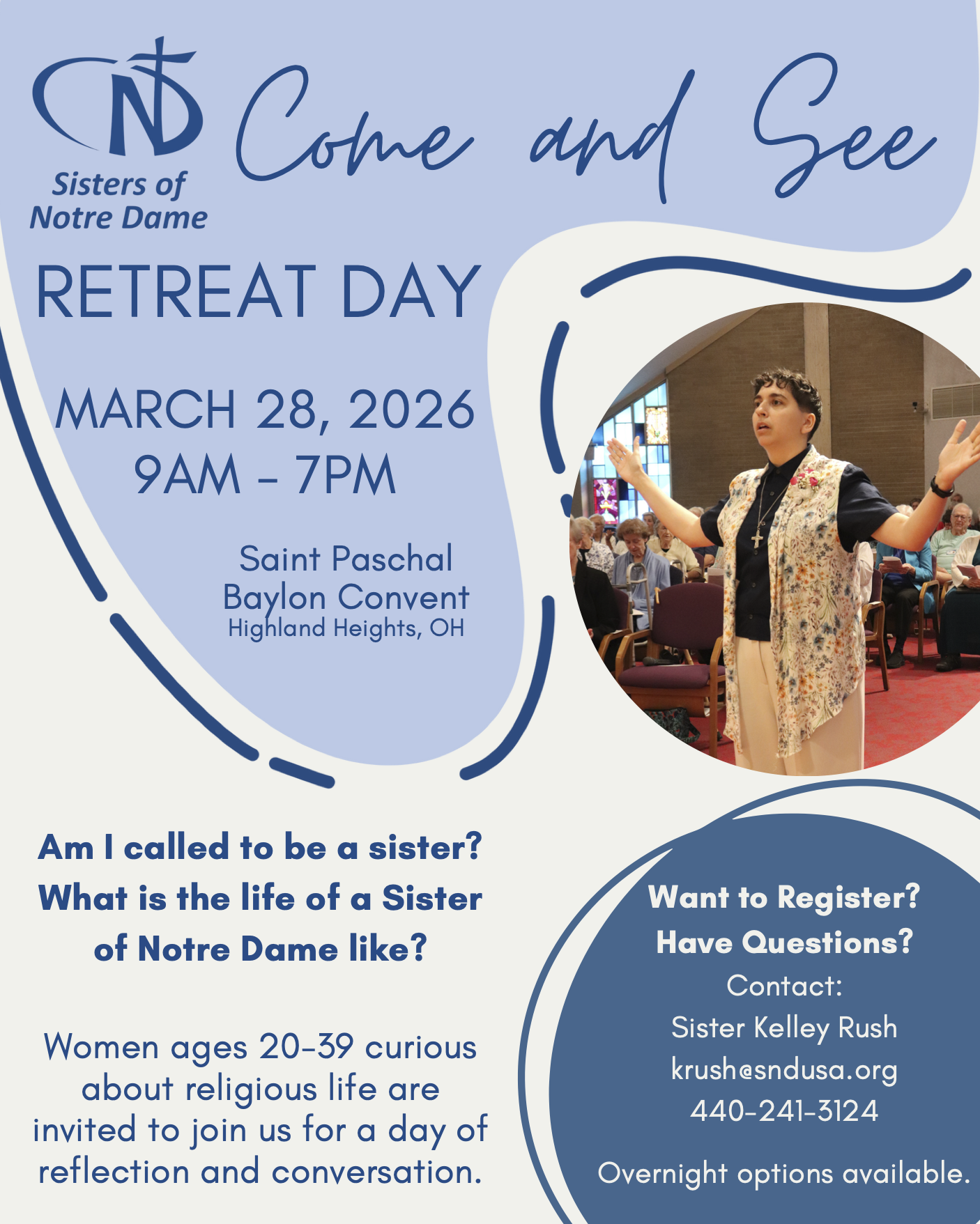 Come and See Retreat, March 28, 9 a.m.–7 p.m., St. Paschal Baylon Convent, Highland Heights, Ohio. Am I called to be a sister? What is the life of a Sister of Notre Dame like? Women ages 20-39 curious about religious life are invited to join us for a day of reflection and conversation. Contact Sister […]
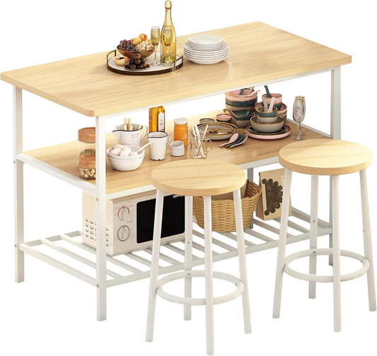 DKLGG Functional 3-Piece Kitchen Island Table Set - Gray Design with Seating and Storage
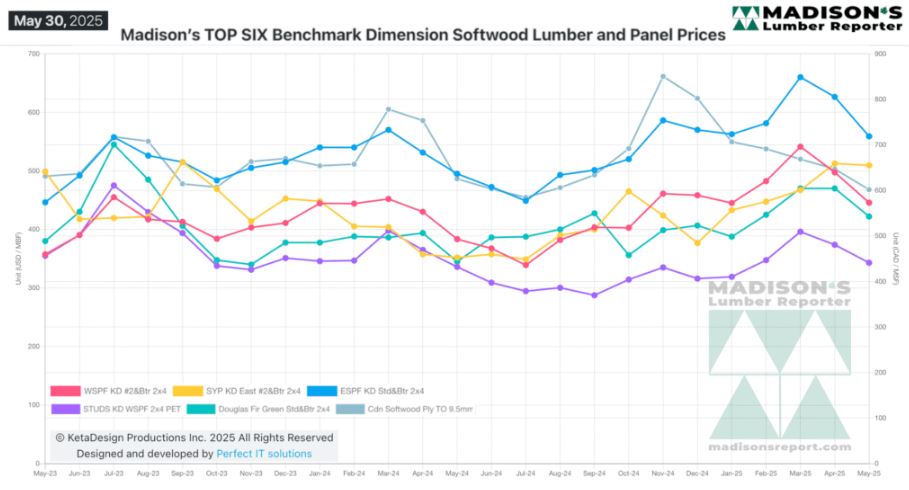 In the week ending May 30, 2025, the price of benchmark softwood lumber item
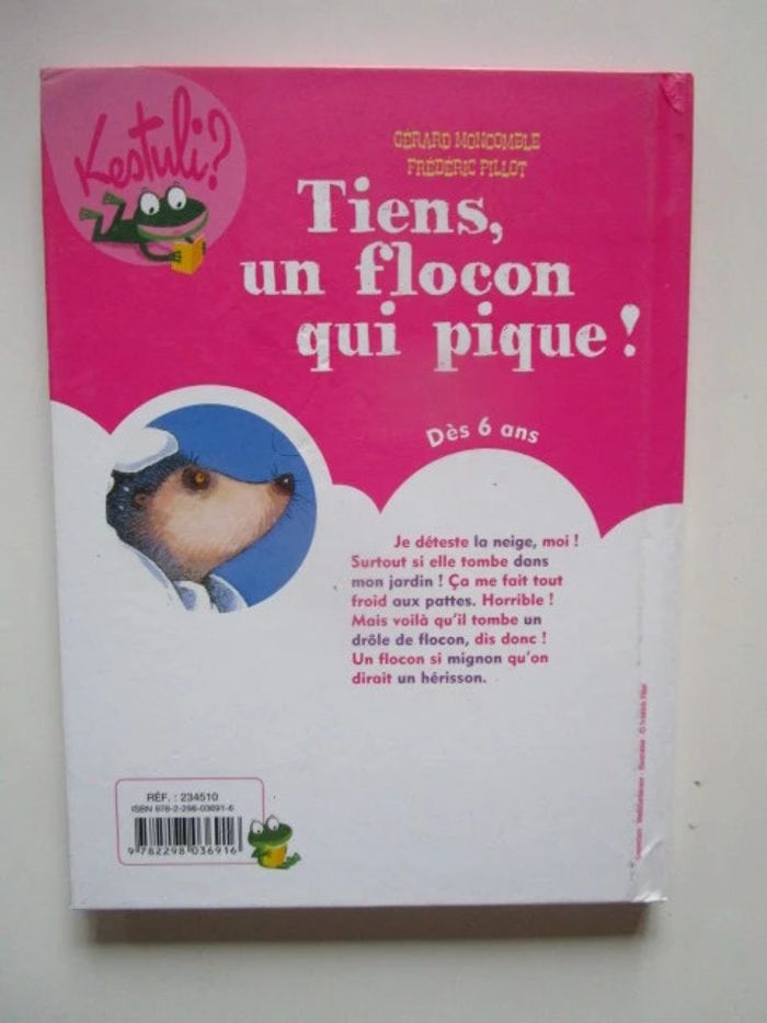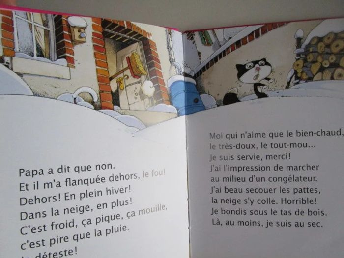 Je déteste la neige, moi ! Surtout si elle tombe dans mon jardin ! Ca me fait tout froid aux pattes. Horrible ! Mais voilà qu'il tombe un drôle de flocon, dis donc ! Un flocon si mignon qu'on dirait un hérisson.Cette histoire de la chatte Thérèse, au caractère bien trempé et qui sait parfaitement se faire comprendre, amusera les enfants qui lisent tout seuls. Éditeur ‏ : ‎ Hatier 29 pages Âge de lecture ‏ : ‎ 5 - 7 ans Dimensions ‏ : ‎ 14.4 x 0.4 x 19.2 cm Livre en très bon état Je vends d'autres livres premières lectures #phil_peg_premiereslectures #premièreslectures #neige #hiver #moithérèsemiaou
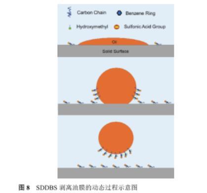 如圖8所示,SDDBS剝離油膜機(jī)理可從以下三個方面進(jìn)行闡釋,首先SDDBS吸附在油水界面上降低了油水界面張力;其次,SDDBS的二羥基通過氫鍵作用強(qiáng)化了其與巖石表面吸附,磺酸基團(tuán)富集于巖石表面使得巖石表面由親油轉(zhuǎn)變?yōu)閺?qiáng)親水,極大地增加了油滴在巖石表面接觸角,降低粘附功而使得油膜易于剝離;最后,由于SDDBS在油水界面和巖石表面同時吸附,增加剝離后油滴與巖石表面間的靜電斥力,使得剝離后油膜不易重新粘附壁面,實(shí)現(xiàn)高效剝離。
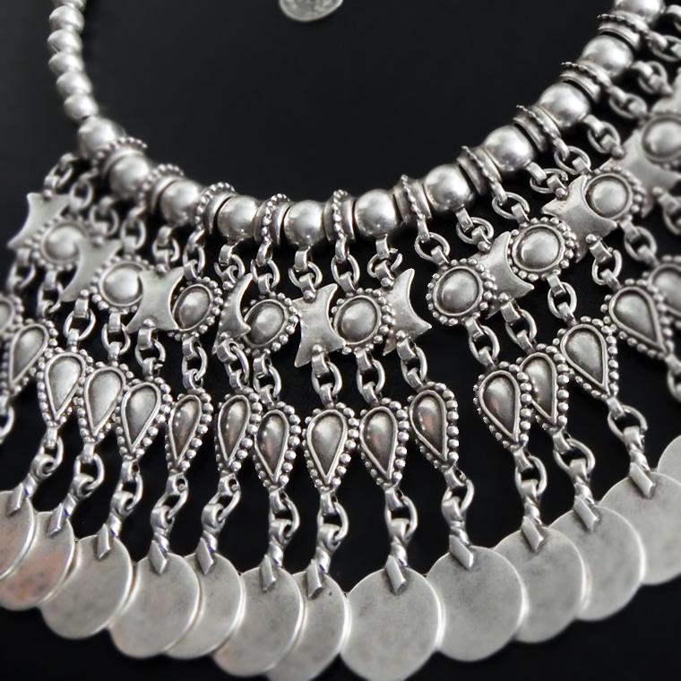 The Festival necklace is a feast for the eyes. Elaborately layered silver-plated beads and pendants come together in this boho-chic piece perfect for a dancing queen.
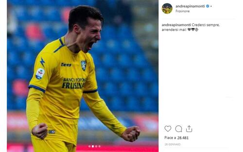 Con la maglia del Frosinone, il 28 ottobre, Pinamonti ha segnato il primo gol in Serie A nella partita vinta 3-0 sul campo della Spal. Si è ripetuto il 9 novembre, realizzando la rete del pari contro la Fiorentina e nel 4-0 in casa del Bologna (foto da Instagram)
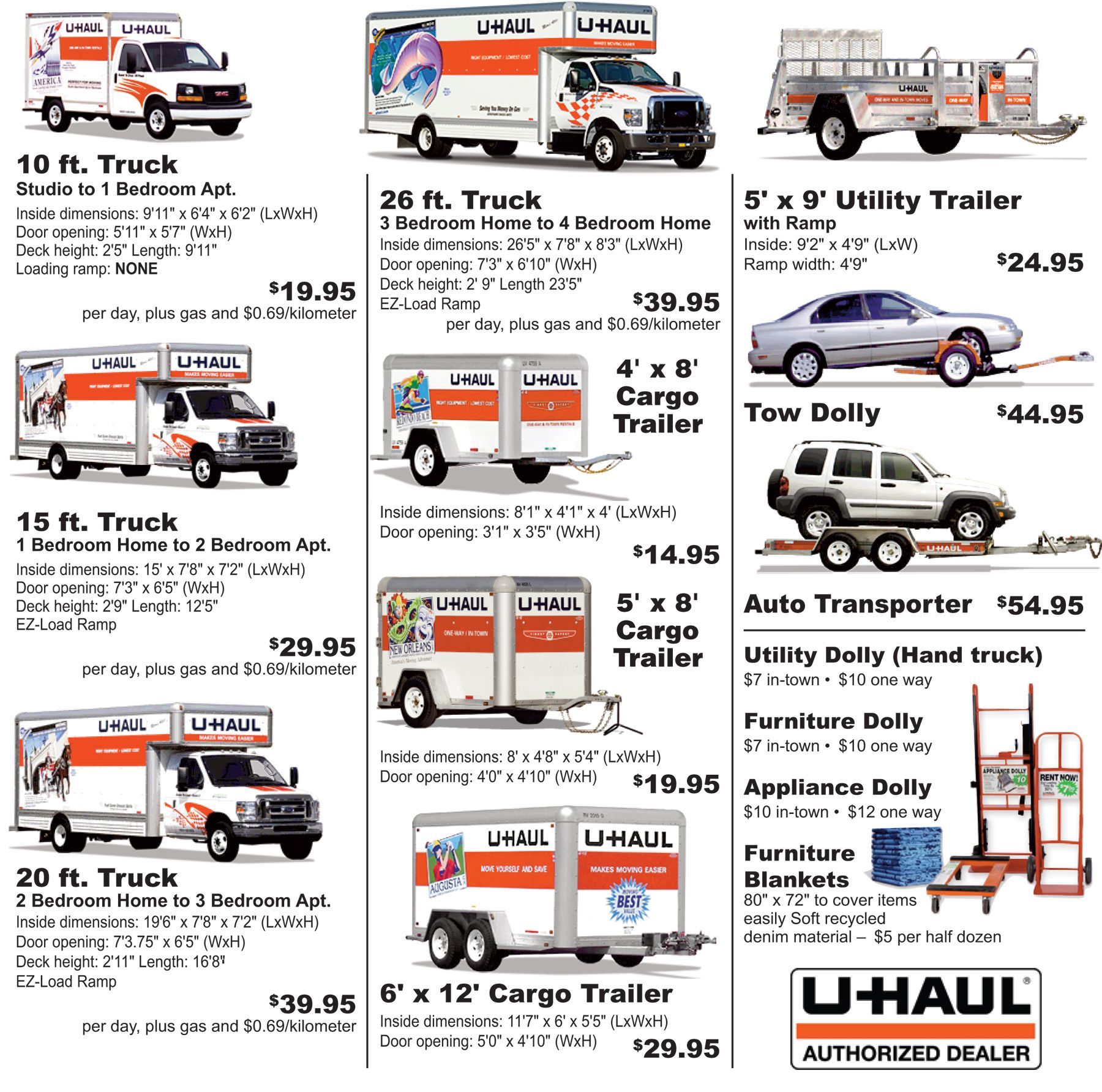 These towing rentals are separate from the truck rental and come with their own daily rates. Factor in their cost and the additional fuel consumption they will cause.

> **What to produce**
Keep the pictures out and print all the records exactly as they are.

> **Your solution**
 Come and See Retreat, March 28, 9 a.m.–7 p.m., St. Paschal Baylon Convent, Highland Heights, Ohio. Am I called to be a sister? What is the life of a Sister of Notre Dame like? Women ages 20-39 curious about religious life are invited to join us for a day of reflection and conversation. Contact Sister […]
 DKLGG Functional 3-Piece Kitchen Island Table Set - Gray Design with Seating and Storage
 In the week ending May 30, 2025, the price of benchmark softwood lumber item
 Je déteste la neige, moi ! Surtout si elle tombe dans mon jardin ! Ca me fait tout froid aux pattes. Horrible ! Mais voilà qu'il tombe un drôle de flocon, dis donc ! Un flocon si mignon qu'on dirait un hérisson.Cette histoire de la chatte Thérèse, au caractère bien trempé et qui sait parfaitement se faire comprendre, amusera les enfants qui lisent tout seuls. Éditeur ‏ : ‎ Hatier 29 pages Âge de lecture ‏ : ‎ 5 - 7 ans Dimensions ‏ : ‎ 14.4 x 0.4 x 19.2 cm Livre en très bon état Je vends d'autres livres premières lectures #phil_peg_premiereslectures #premièreslectures #neige #hiver #moithérèsemiaou
 如圖8所示,SDDBS剝離油膜機(jī)理可從以下三個方面進(jìn)行闡釋,首先SDDBS吸附在油水界面上降低了油水界面張力;其次,SDDBS的二羥基通過氫鍵作用強(qiáng)化了其與巖石表面吸附,磺酸基團(tuán)富集于巖石表面使得巖石表面由親油轉(zhuǎn)變?yōu)閺?qiáng)親水,極大地增加了油滴在巖石表面接觸角,降低粘附功而使得油膜易于剝離;最后,由于SDDBS在油水界面和巖石表面同時吸附,增加剝離后油滴與巖石表面間的靜電斥力,使得剝離后油膜不易重新粘附壁面,實(shí)現(xiàn)高效剝離。
 The Festival necklace is a feast for the eyes. Elaborately layered silver-plated beads and pendants come together in this boho-chic piece perfect for a dancing queen.
 Con la maglia del Frosinone, il 28 ottobre, Pinamonti ha segnato il primo gol in Serie A nella partita vinta 3-0 sul campo della Spal. Si è ripetuto il 9 novembre, realizzando la rete del pari contro la Fiorentina e nel 4-0 in casa del Bologna (foto da Instagram)
 These towing rentals are separate from the truck rental and come with their own daily rates. Factor in their cost and the additional fuel consumption they will cause.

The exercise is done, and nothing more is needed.